White Martyrdom

To learn the transport by the pain,
As blind men learn the sun;
To die of thirst, suspecting
That brooks in meadows run;

To stay the homesick, homesick feet
Upon a foreign shore
Haunted by native lands, the while,
And blue, beloved air—

This is the sovereign anguish,
This, the signal woe!
These are the patient laureates
Whose voices, trained below,

Ascend in ceaseless carol,
Inaudible, indeed,
To us, the duller scholars
Of the mysterious bard!

~Emily Dickinson

This poem is an interesting contrast to yesterday’s, in which the poet argues that something attained is worth less than it was before–that when a starving man finally gets food, that food loses its deliciousness simply by being available. This poem, on the other hand, argues that to never be able to reach something longed for is torment–“the sovereign anguish,” “the signal woe!”

Which one is it, Emily?

She is a study in contradictions. I’ve read I don’t know how many mentions and discussions of the paradoxes within Dickinson’s poems, but her whole body of work is rife with contradiction between one poem and the next, too.

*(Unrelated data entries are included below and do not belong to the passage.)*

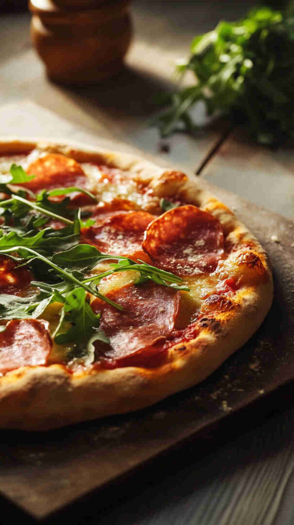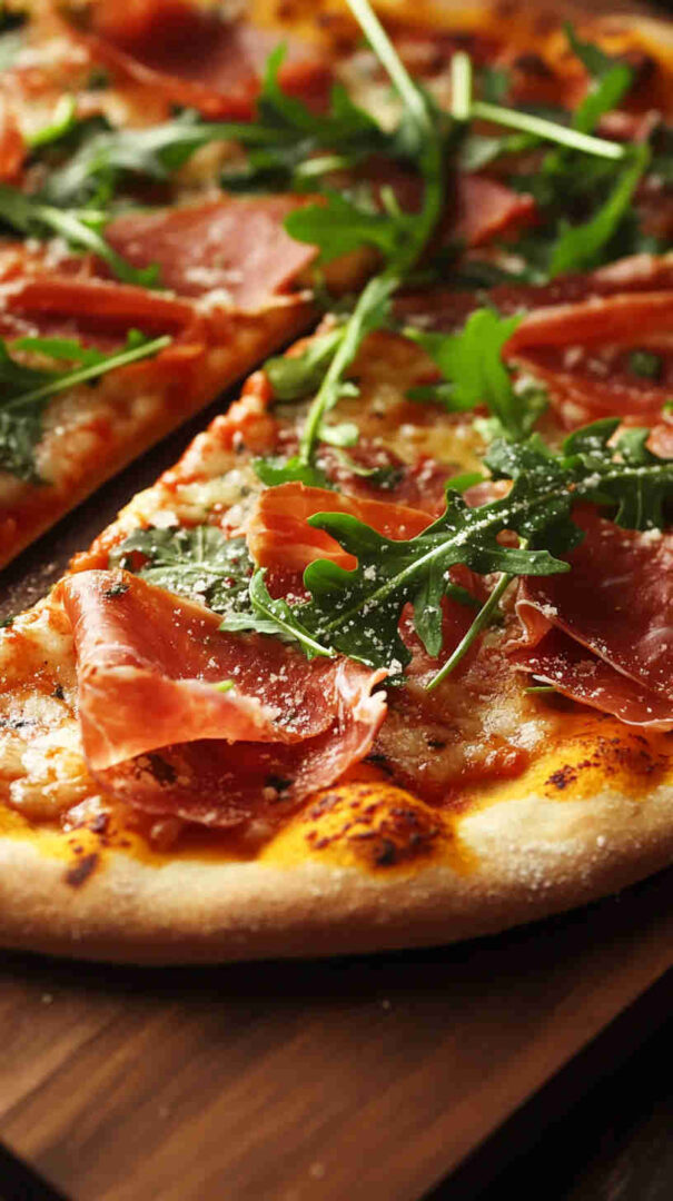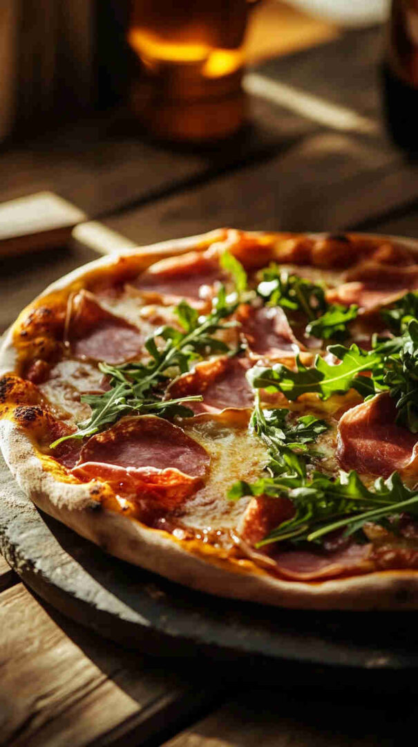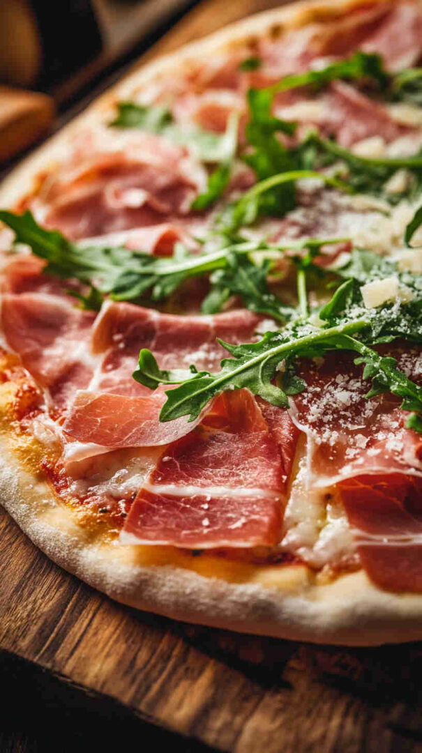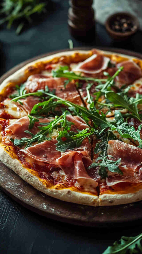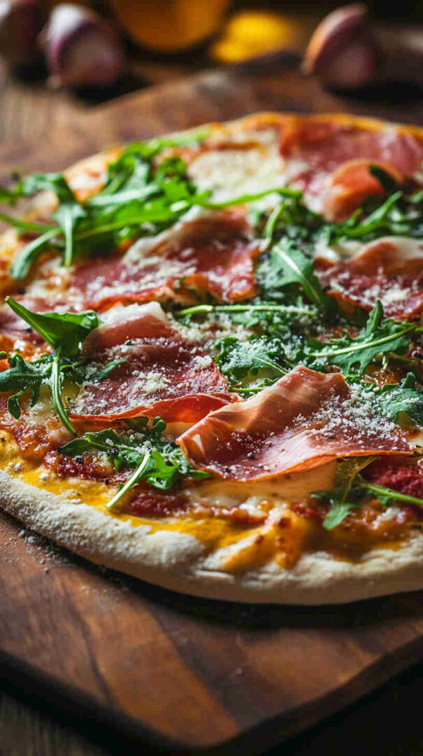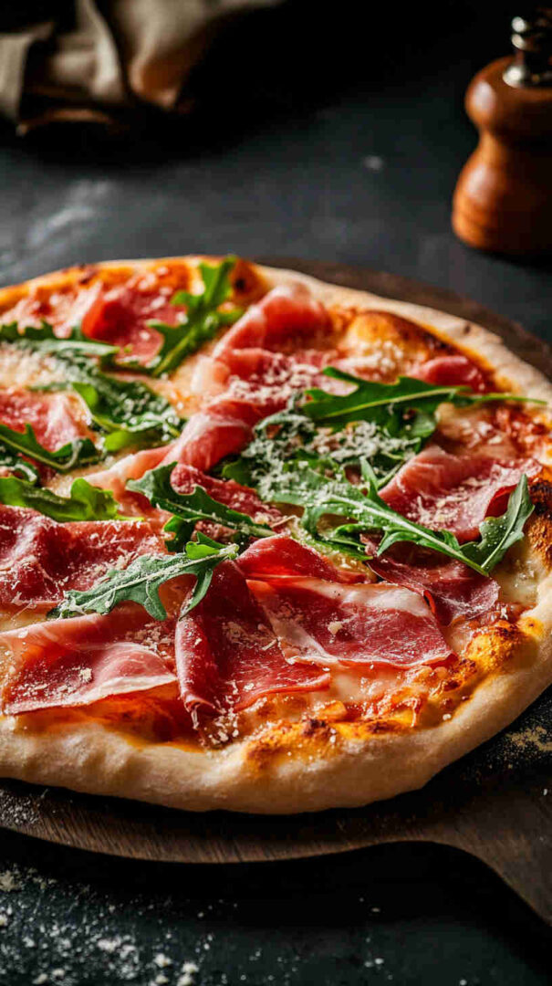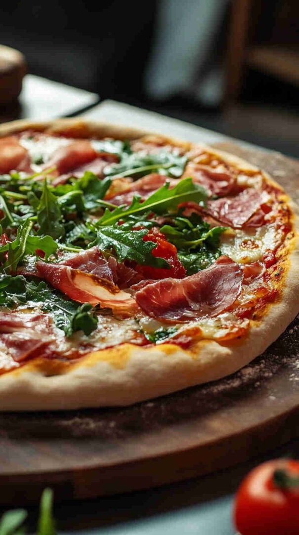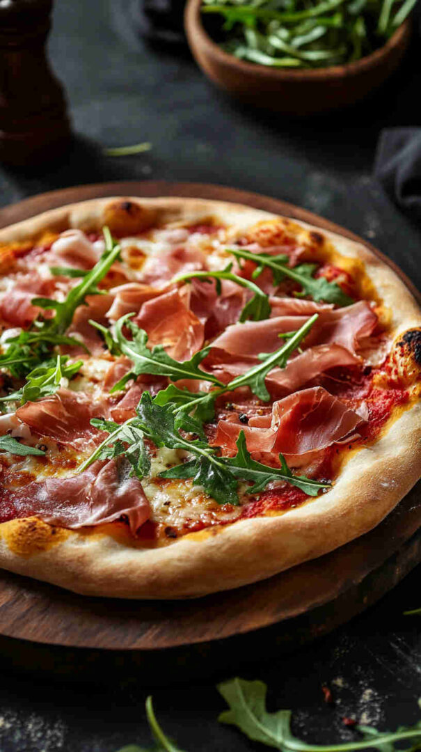 This classic Italian Prosciutto and Arugula Pizza (also known as Prosciutto e Rucola) features a thin, crispy crust topped with simple tomato sauce, melted mozzarella, delicate slices of salty prosciutto, and a fresh pile of peppery arugula added after baking for vibrant contrast. It’s light yet satisfying, highlighting high-quality Italian ingredients in an elegant, no-fuss way. (48 words)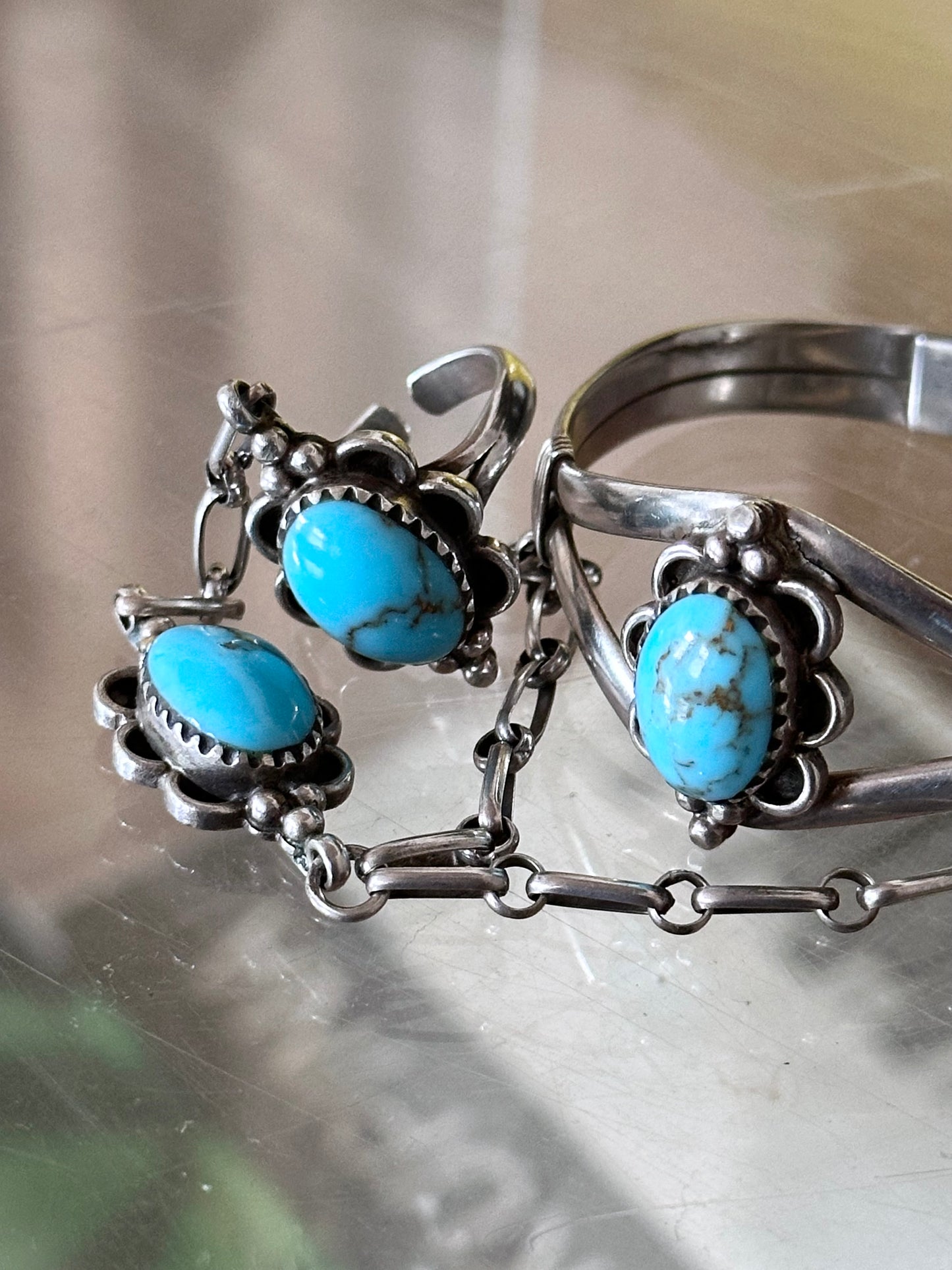 ターコイズの使い方や花弁のようなベゼル、球状の装飾はナバホやズニなどのネイティブアメリカンのジュエリーを彷彿とします。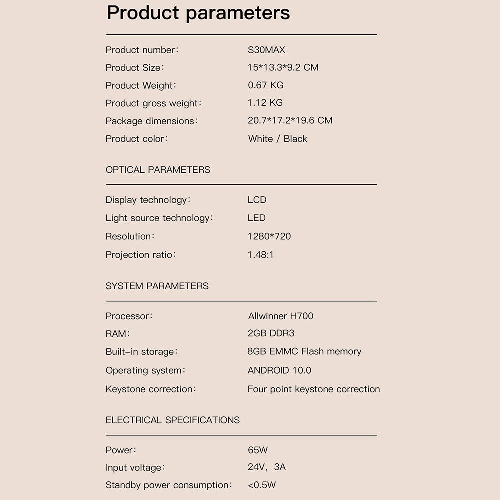 | Projection mode | Support front projection and formal installation/front projection and lifting/rear projection and formal installation/rear projection and back installation |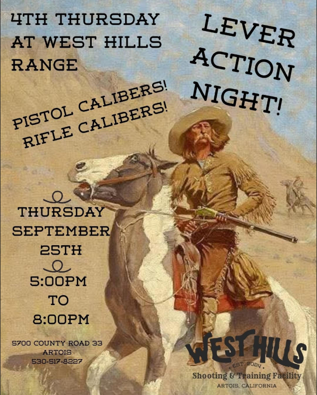 Lever Action night at West Hills Range! Includes rifle calibers and pistol calibers!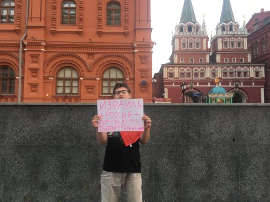 В Москве на Манежной площади задержали Михаила Суслина, проводившего одиночный пикет за дружбу России и Израиля и в поддержку организации «Сохнут», помогающей евреям репатриироваться. Об этом он сам сообщил ОВД-Инфо.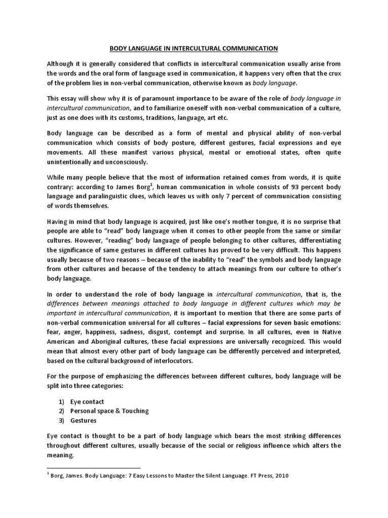 Body Language Essay | Bartleby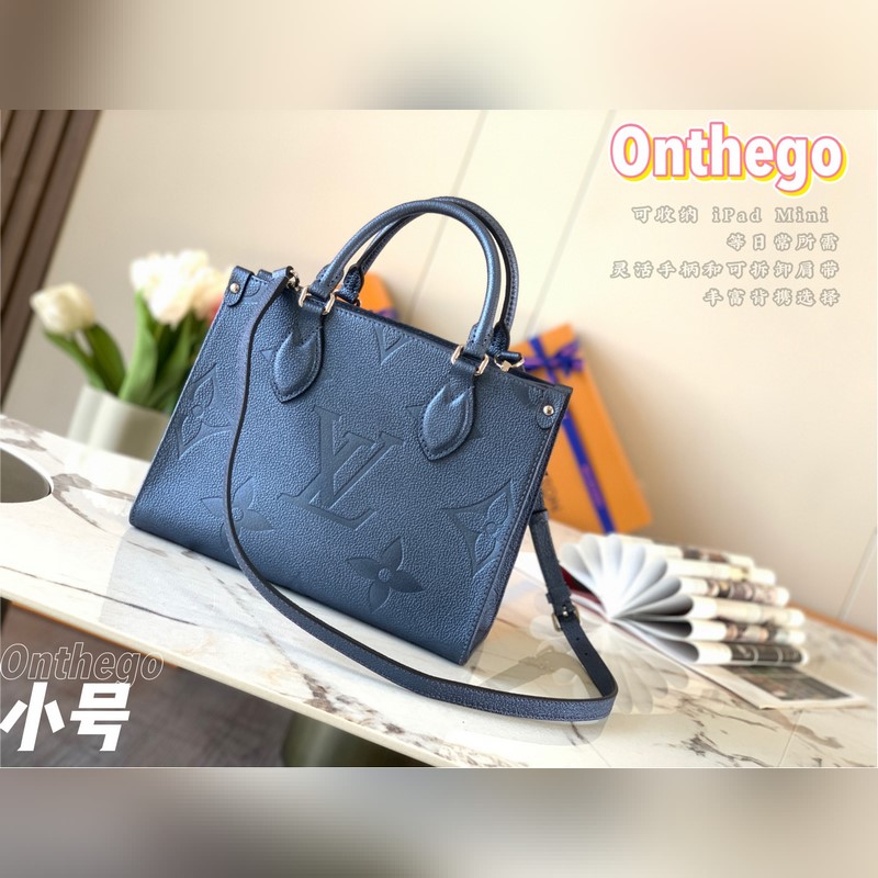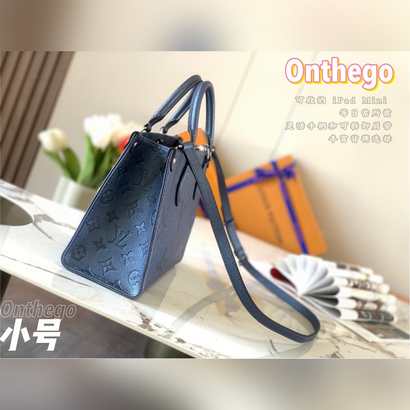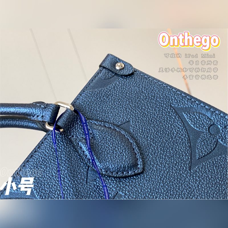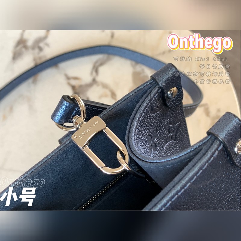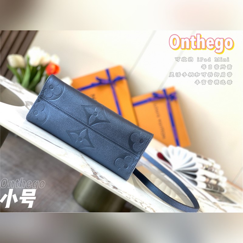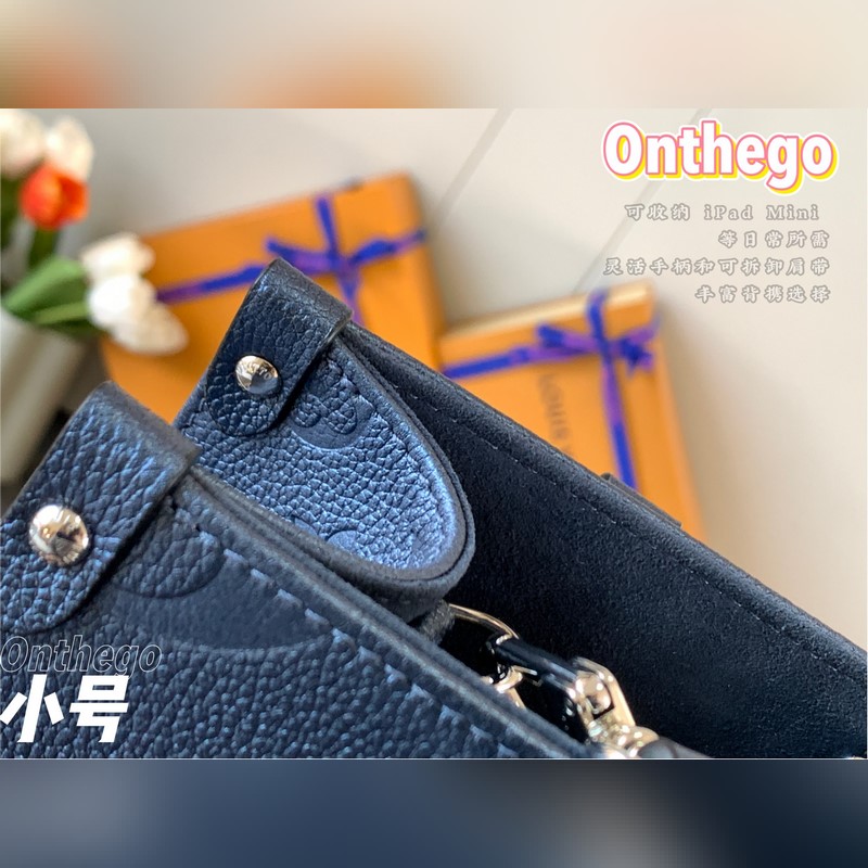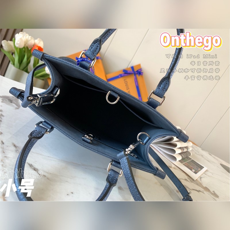 Onthego-pieni Tote-laukku on saanut inspiraationsa klassisesta Sac Plat -käsilaukusta vuodelta 1968. Se on pienoisversio, joka on valmistettu Monogram Empreinte -nahasta, jossa on Giant Monogram -kuvio, johon mahtuu iPad Mini ja muut päivittäiset tarpeet. Joustavat kahvat ja säädettävät olkaimet täydentävät kantomahdollisuuksia.
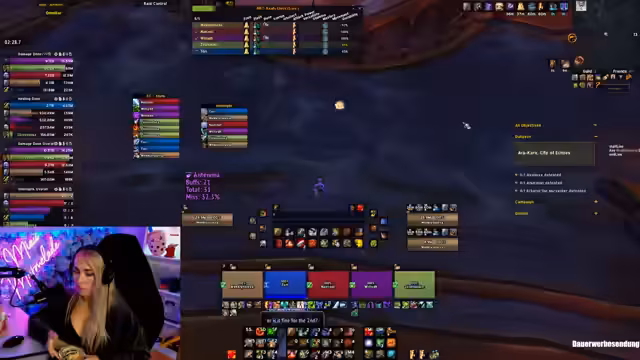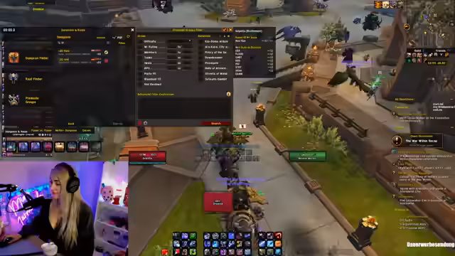 01:47:19Verschiedene Spieler werden im Chat erwähnt, mit denen gemeinsame Keys oder andere Aktivitäten geplant sind. Dazu gehören Josie, Witti, Nanox und Rigmetter. Es folgen Diskussionen über Dungeons wie Dawnbreaker und Arakara, wobei Arakara als besonders schwierig für hohe Keys eingestuft wird. Auch die Bewerbung für Mythoschrade-Gilden wird thematisiert, mit Tipps zum Loggen und Aufstieg in höhere Gilden-Ränge.
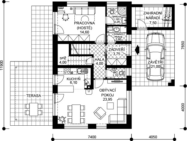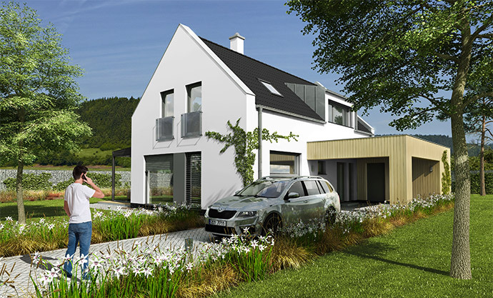 Dům tradičního vzhledu s moderním designem najde využití jak na vesnici, tak ve městě. Nabízí praktické bydlení až pětičlenné rodině. ... Promyšlená dispozice zahrnuje oblíbený obývací pokoj ve tvaru L, pracovnu, pohodlné zázemí a přistavěné kryté parkovací stání. Pracovnu lze využít pro vícegenerační bydlení.

I don’t know what to do with this poem, but I know that, aside from the infernal paradoxes, what intrigues me most is the second stanza. The speaker gives the example of someone far from home, longing for familiar places. She repeats the word “homesick” for emphasis, an interesting choice in a short poem that makes me wonder if this is really what this poem, at its heart, is all about.

Of course, because this is Dickinson, this is all liable to be heavily metaphorical and probably has a lot to do with death. But what it reminds me of is the concept of white martyrdom.

It seems that there is some disagreement over whether it is properly labeled “green” or “white,” but I’m going with “white” since that’s how I first encountered the term. In the lives of saints, martyrdom is typically bloody–“red martyrdom.” People die for their faith in spectacularly gory ways. But the desert hermits and many of the Irish monks pursued a different kind of holiness-through-suffering. They left behind the familiar, the beloved, and struck out for new and forbidding terrains, where landscape itself served as a reminder that this world is only temporary. Giving up your life and ascending to everlasting reward is one thing. Giving up your homeland and living out your days in separation from home is another. There is pain and privation in both, and while death is the ultimate sacrifice one can make in this world, the giving-up of home is a more prolonged suffering.

When Columcille and his monks set out in their curraghs for what would come to be called Skellig Michael, they were pursuing white martyrdom, leaving behind the green hills of Ireland for an existence eked out on a barren rock in the sea. Their experience must have been nearly identical to what Dickinson describes in this poem–except that they chose their lot, while the tone of the poem seems to suggest otherwise.